Abstract
We present a unified framework for computing CVA sensitivities, hedging the CVA, and assessing CVA risk, using probabilistic machine learning meant as refined regression tools on simulated data, validatable by low-cost companion Monte Carlo procedures. Various notions of sensitivities are introduced and benchmarked numerically. We identify the sensitivities representing the best practical trade-offs in downstream tasks including CVA hedging and risk assessment.
Summary
A purely regression/ML-based approach to CVA sensitivities, hedging, and risk assessment. No BSDE, HJB, or stochastic control formulation — methodologically orthogonal to the XVA HJB paper. The paper introduces a taxonomy of sensitivity types (benchmark bump, linear bump, smart bump, AAD bump, EC-optimized, PLE-optimized, LS run-on) and benchmarks them on a 500-swap portfolio with 10 economies and 8 counterparties. Key finding: optimized sensitivities (EC, PLE, LS) dramatically outperform classical bump sensitivities for hedging, especially in run-off mode where default risk dominates.
Key Contributions
- Taxonomy of 7+ CVA sensitivity types with systematic benchmarking
- Smart bump sensitivities: 90x faster than benchmark bumps with comparable accuracy
- EC and PLE sensitivities for optimized hedging — “deep hedging over one time step”

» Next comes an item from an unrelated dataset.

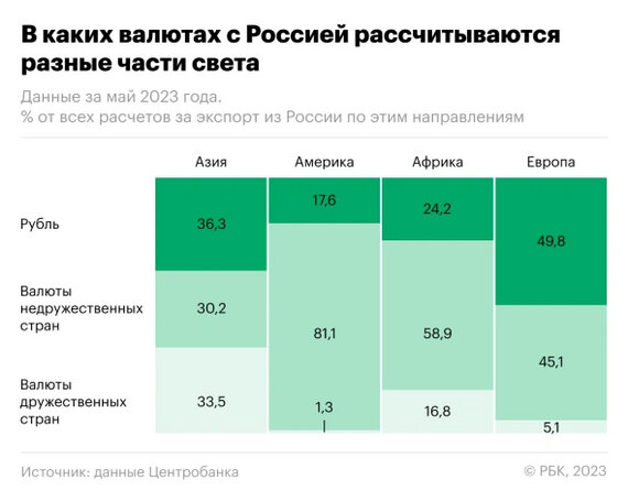 Б. Рубль опережает доллар, евро и валюты дружественных стран в расчетах за экспорт из России в Европу и Азию — в мае 2023 года его доля составляла 49,8 и 36,3% соответственно. С Америкой и Африкой ситуация пока обратная — доля рубля там составляет 17,6 и 24,2% соответственно.

- Twin Monte Carlo validation without nested simulation
- Run-off vs. run-on CVA hedging comparison
Key Findings
- Naive AAD sensitivities are unreliable — differentiation is not continuous in sup-norm
- For run-off hedging (with defaults): bump sensitivities are counterproductive; EC/PLE sensitivities achieve 3.5-5x risk compression
- For run-on hedging (pure market risk): all sensitivities help; LS run-on is fastest and “excellent”
- Works under a P/Q blend measure (Albanese et al. 2021)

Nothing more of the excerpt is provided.